Bonfire Night Helps Health & Safety Hit The Headlines Again

Man reading the newsThe dangers of fireworks are relatively well-known, so it is little surprise that health and safety pops up in the headlines every November. Along with lurid tales of horrific injuries, there are also stories of ‘elf ‘n’ safety’ intended to mock overly-cautious organisations.

This year the unfortunate recipient of this elf ‘n’ safety attention is Portsmouth City Council who have taken the unusual decision of axing the bonfire from their Bonfire Night celebrations. According to a spokesperson from the council, insuring the event will cost £4600 – on top of the £20,000 they have already spent on fireworks.

Along with the charges for clearing up after the event, much of the additional cost is believed to be to do with implementing health and safety requirements and extra insurance costs. Suggested improvements included securing the area around the bonfire, buying ‘clean’ wood that could be verified as free from harmful chemicals, and even re-seeding grass that was destroyed during the blaze.

Unable to afford the extra £4600, the Council has decided to simply carry on without a bonfire. And as may be expected from papers that need to sell more copies, criticising Portsmouth City Council’s decision is a populist move.

Not an isolated incident

Bonfire Night celebrations are often called off with short notice due to public safety concerns. An event was cancelled in Littlehampton last year after high winds added an element of unpredictability to proceedings that could have endangered public safety. Similarly an event in Peterlee was cancelled back in May because of concerns about heavy traffic and the risk it posed to local people.

Slightly further back in time, a Bonfire Event organised by Birmingham City Council went ahead in 2010 without a bonfire because of the costs associated. The Council estimated they had cut the cost of staging the fireworks show by 50%, as a direct result. Unusually this event was not dogged by elf ‘n’ safety accusations at the time.

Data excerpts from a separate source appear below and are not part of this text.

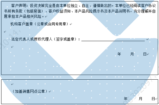 客户签名: ( 客户声明:投资决策完全是由客户独立、自主、谨慎做出的。客户已经阅读客户协议书所有条款(包括背面)、客户权益须知、本产品风险揭示书及本产品说明书,充分理解并自愿承担本产品相关风险。)
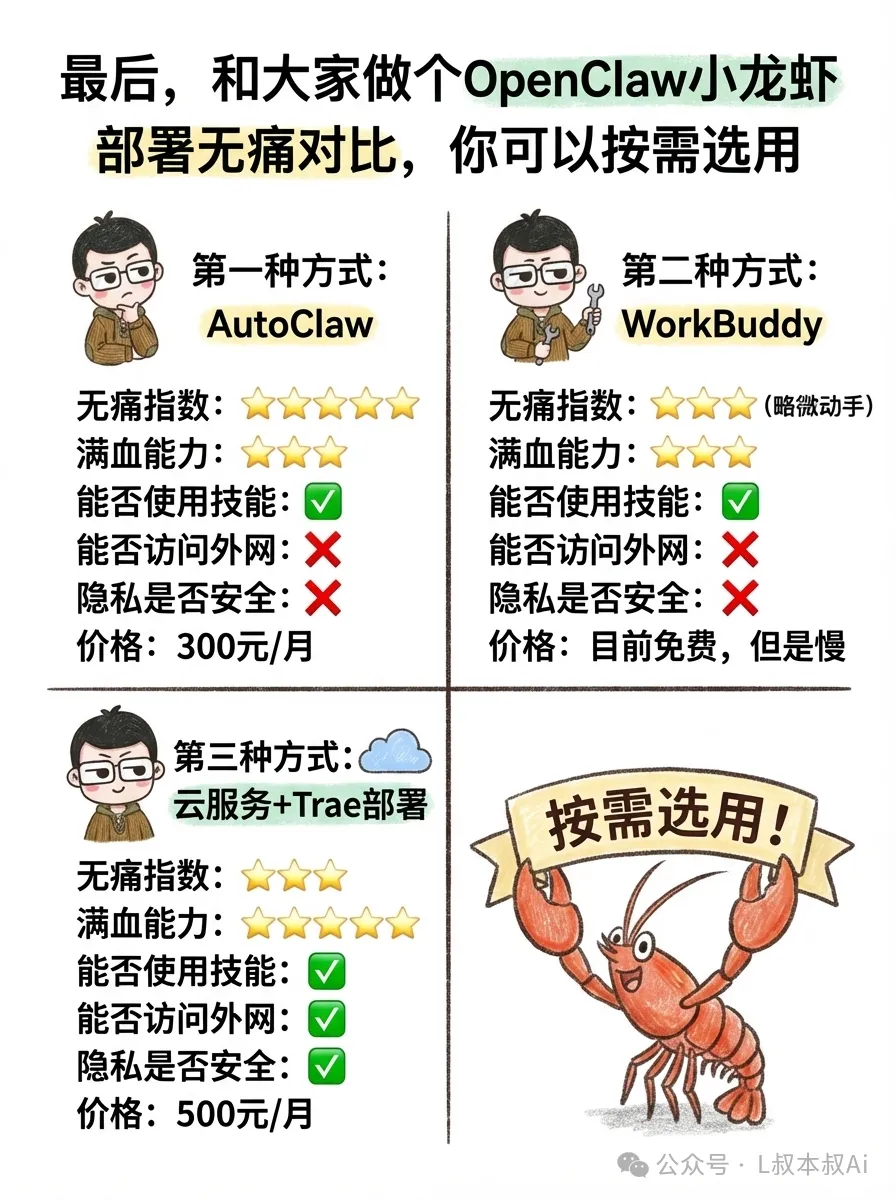 最后,和大家做个OpenClaw小龙虾部署无痛对比,你可以按需选用
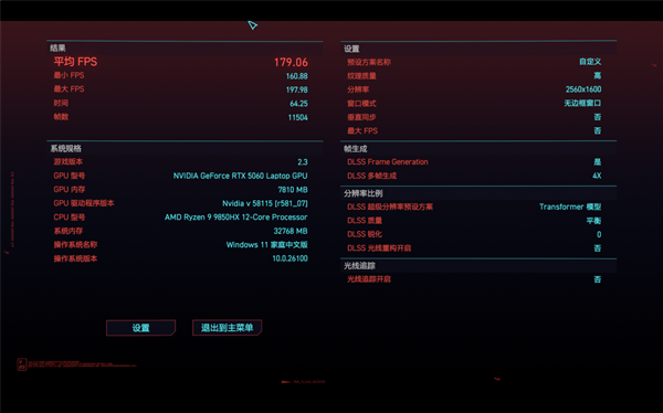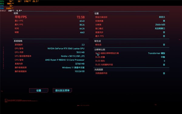 游戏表现中,在2.5K高分辨率的屏幕下,无论是《黑神话悟空》还是《赛博朋克2077》,在DLSS4的加持下都能突破百帧。
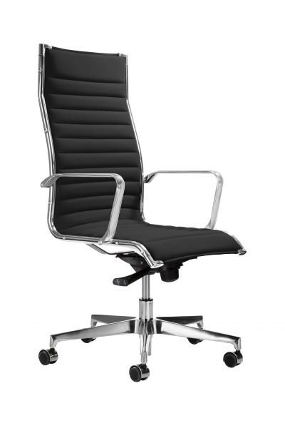 Krzesło biurowe z wysokim oparciem, chromowaną ramą, mechanizmem bujania Relax (blokada w 1 pozycji) lub Multiblok Lux (blokada w 5 pozycjach), cena zawiera podłokietniki.
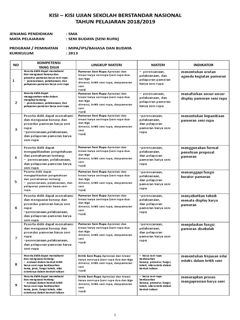 KISI-KISI USBN-SMA-Seni Budaya (Seni Rupa)-Teori dan Praktik-K2013 Pages 1 - 4 - Text Version | AnyFlip
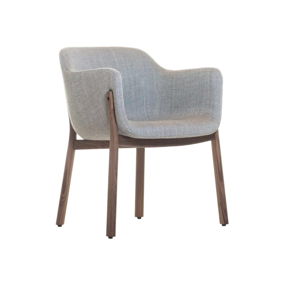 Carved from American black walnut that is finished in Danish oil, the Porto's distinctive frame contrasts Matthew Hilton's modern form with the classic craft of De La Espada. Available in a range of contemporary toned fabrics, the upholstered shell creates an enveloping seat with gentle curves connecting along its back and armrests. Set at a gentle recline to provide a relaxed sit, this comforting chair functions just as well as a piece for the dining room as an occasional chair.
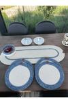 Sade ve doğal görüntüsü ile her ortamda rahatlıkla kullanılabilir Teknik Özellikler: Ürün Tipi: Polipropilen Leke Tutmaz , Kolay Temizlenebilir Renk: Beyaz / Mavi Ölçü: Amerikan Servis 33x33 cm Runner : 100x35 cm Sepet : 21x8 cm Paket İçeriği: Set: 4 Adet Amerikan Servis 1 Adet Runner 1 Adet Sepet Ürün Kullanımı : Leke temizliğinde hızlı bir şekilde ıslak bez ile silebilirsiniz.
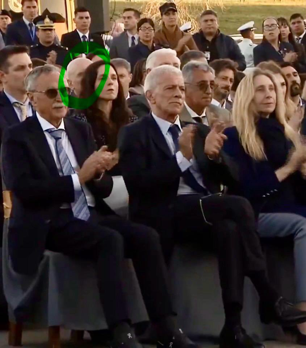 El "Profe", como suele llamarlo Milei, apareció recién en la tercera fila, incluso detrás de varias personas ajenas al Gobierno.

When the unpopular decision is the right decision

Portsmouth City Council could have chosen to go ahead with a bonfire without upgrading their insurance coverage, or implementing some of the health and safety recommendations required to keep costs down. Such a move may not, at first glance, be illegal, but there would always be an element of risk to the public and any employees working at the event.

In keeping with best practice, the council has completed a risk assessment and identified significant hazards that cannot be ignored. Hence the unpopular decision to cancel the bonfire.

Businesses face similar dilemmas on a regular basis, balancing risk with reward. The fear of being accused of elf ‘n’ safety-type decision-making cannot be an influencing factor when safeguarding employee welfare. Critical headlines may damage your reputation momentarily, but the injury or death of a person caused by negligence will destroy it.

Wherever there is a decision to be made between budget savings and safety, the only responsible choice is to err on the side of caution.

Over to you – has your business ever faced ‘elf ‘n’ safety’ accusations as a result of doing the right thing?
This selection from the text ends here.